§ Exercise instructions
The answer is the exact run of lines in the listing below from the line containing "возможности активного отдыха." up to and including the line containing "低消限制的關係,我們也是一人", with pictures removed.

§ Records shown
....................
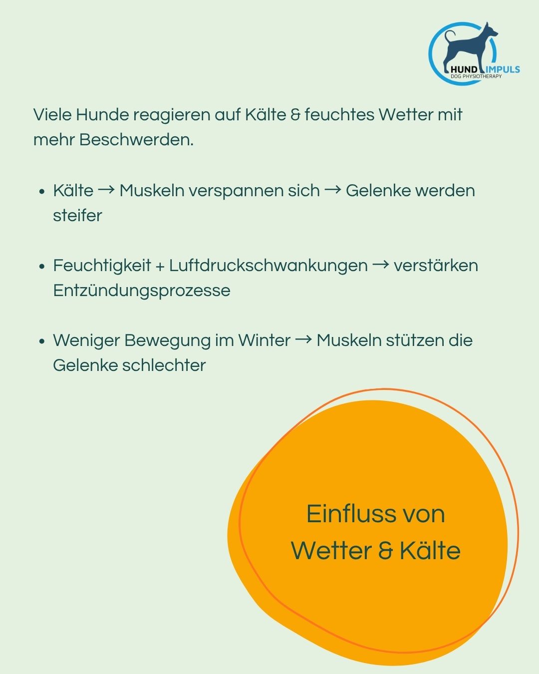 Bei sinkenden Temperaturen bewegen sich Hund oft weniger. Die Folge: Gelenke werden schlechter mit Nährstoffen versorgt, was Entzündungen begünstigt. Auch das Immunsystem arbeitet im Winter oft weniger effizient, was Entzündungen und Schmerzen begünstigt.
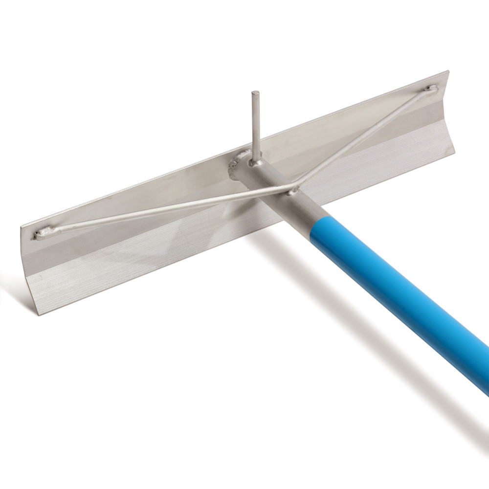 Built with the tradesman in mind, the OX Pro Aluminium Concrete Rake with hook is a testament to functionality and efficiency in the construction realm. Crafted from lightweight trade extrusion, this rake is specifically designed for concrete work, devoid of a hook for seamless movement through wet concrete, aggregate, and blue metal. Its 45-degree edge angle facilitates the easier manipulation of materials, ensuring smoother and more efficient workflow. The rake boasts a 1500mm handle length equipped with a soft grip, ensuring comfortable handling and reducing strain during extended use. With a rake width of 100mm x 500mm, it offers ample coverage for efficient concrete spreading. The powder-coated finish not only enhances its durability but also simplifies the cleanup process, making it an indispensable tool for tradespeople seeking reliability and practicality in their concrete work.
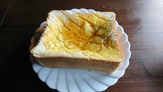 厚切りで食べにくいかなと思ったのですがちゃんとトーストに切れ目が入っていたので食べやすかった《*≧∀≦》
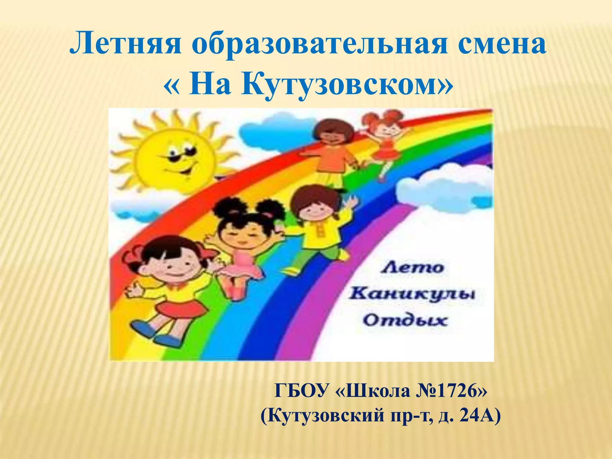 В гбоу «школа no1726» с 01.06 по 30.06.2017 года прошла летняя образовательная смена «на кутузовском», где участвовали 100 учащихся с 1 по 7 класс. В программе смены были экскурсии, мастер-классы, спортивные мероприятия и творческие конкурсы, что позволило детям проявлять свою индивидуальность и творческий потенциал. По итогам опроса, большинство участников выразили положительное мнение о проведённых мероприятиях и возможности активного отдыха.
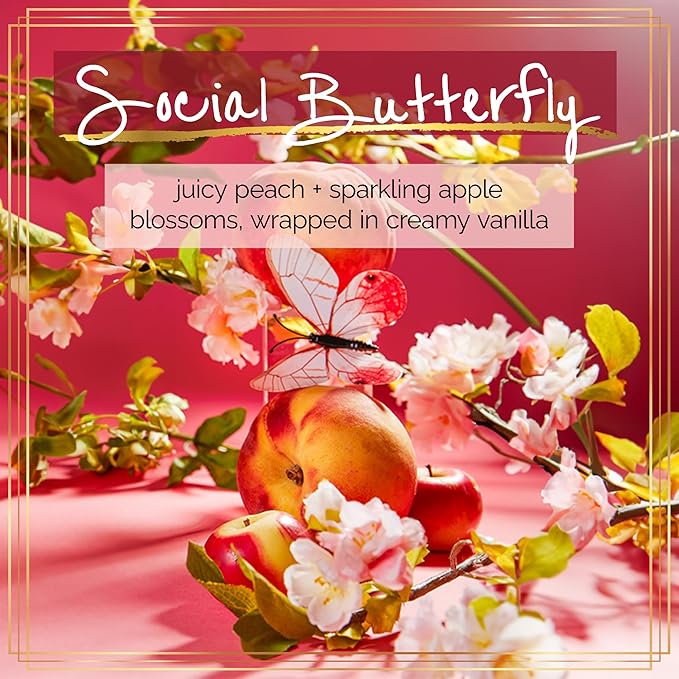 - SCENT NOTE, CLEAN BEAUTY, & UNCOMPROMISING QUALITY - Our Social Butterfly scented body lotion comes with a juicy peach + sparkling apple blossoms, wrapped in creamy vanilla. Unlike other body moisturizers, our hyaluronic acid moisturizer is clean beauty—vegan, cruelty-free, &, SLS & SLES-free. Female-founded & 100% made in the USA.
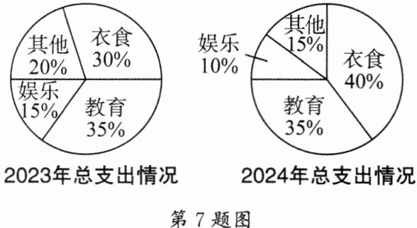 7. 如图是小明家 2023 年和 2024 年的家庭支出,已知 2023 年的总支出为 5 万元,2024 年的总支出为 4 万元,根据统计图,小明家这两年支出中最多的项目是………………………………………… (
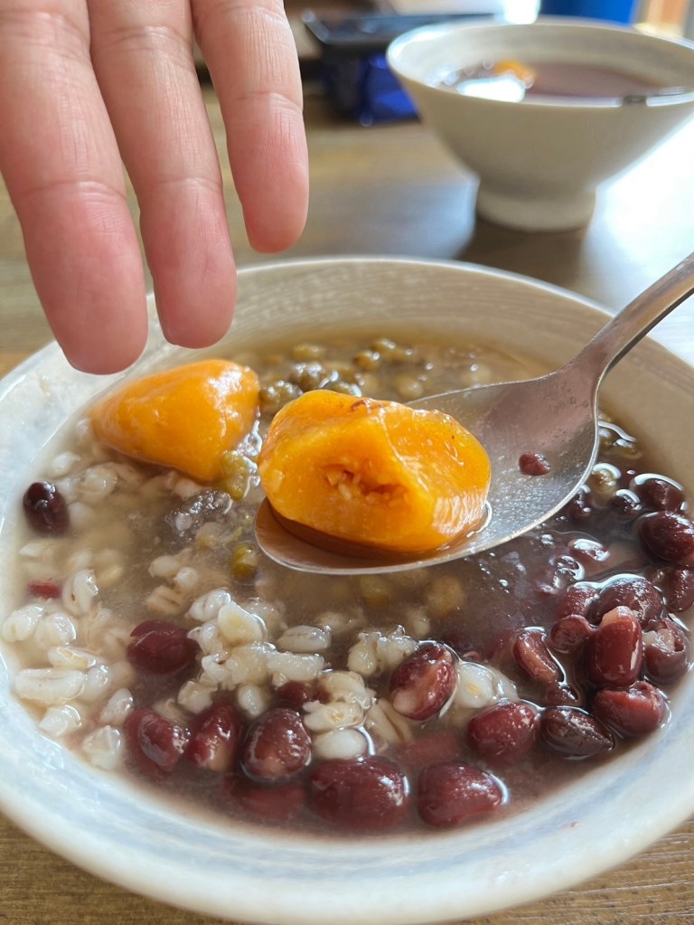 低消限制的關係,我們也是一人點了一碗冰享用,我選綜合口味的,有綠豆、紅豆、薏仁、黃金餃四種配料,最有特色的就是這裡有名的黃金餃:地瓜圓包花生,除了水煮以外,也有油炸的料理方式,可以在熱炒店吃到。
....................
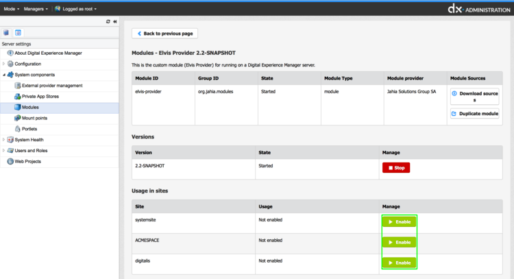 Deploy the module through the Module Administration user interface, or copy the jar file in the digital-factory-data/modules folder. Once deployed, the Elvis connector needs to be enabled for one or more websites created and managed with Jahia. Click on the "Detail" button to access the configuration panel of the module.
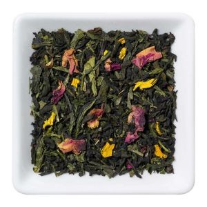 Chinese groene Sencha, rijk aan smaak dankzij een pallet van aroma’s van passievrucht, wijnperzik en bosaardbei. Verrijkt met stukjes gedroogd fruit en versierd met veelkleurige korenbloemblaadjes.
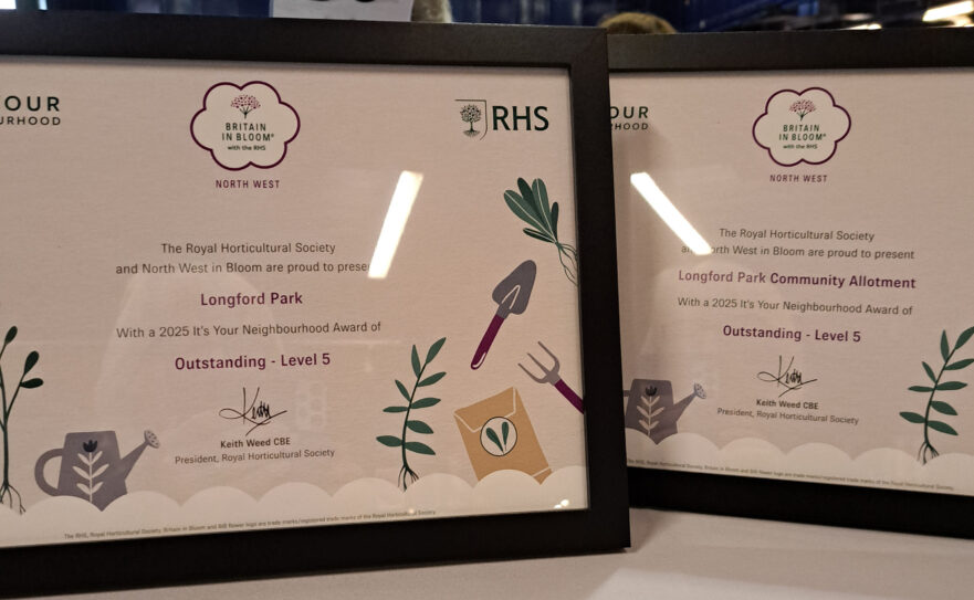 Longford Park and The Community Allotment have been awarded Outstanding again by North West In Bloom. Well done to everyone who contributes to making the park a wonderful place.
....................
§ Reply to the task
 В гбоу «школа no1726» с 01.06 по 30.06.2017 года прошла летняя образовательная смена «на кутузовском», где участвовали 100 учащихся с 1 по 7 класс. В программе смены были экскурсии, мастер-классы, спортивные мероприятия и творческие конкурсы, что позволило детям проявлять свою индивидуальность и творческий потенциал. По итогам опроса, большинство участников выразили положительное мнение о проведённых мероприятиях и возможности активного отдыха.
 - SCENT NOTE, CLEAN BEAUTY, & UNCOMPROMISING QUALITY - Our Social Butterfly scented body lotion comes with a juicy peach + sparkling apple blossoms, wrapped in creamy vanilla. Unlike other body moisturizers, our hyaluronic acid moisturizer is clean beauty—vegan, cruelty-free, &, SLS & SLES-free. Female-founded & 100% made in the USA.
 7. 如图是小明家 2023 年和 2024 年的家庭支出,已知 2023 年的总支出为 5 万元,2024 年的总支出为 4 万元,根据统计图,小明家这两年支出中最多的项目是………………………………………… (
 低消限制的關係,我們也是一人點了一碗冰享用,我選綜合口味的,有綠豆、紅豆、薏仁、黃金餃四種配料,最有特色的就是這裡有名的黃金餃:地瓜圓包花生,除了水煮以外,也有油炸的料理方式,可以在熱炒店吃到。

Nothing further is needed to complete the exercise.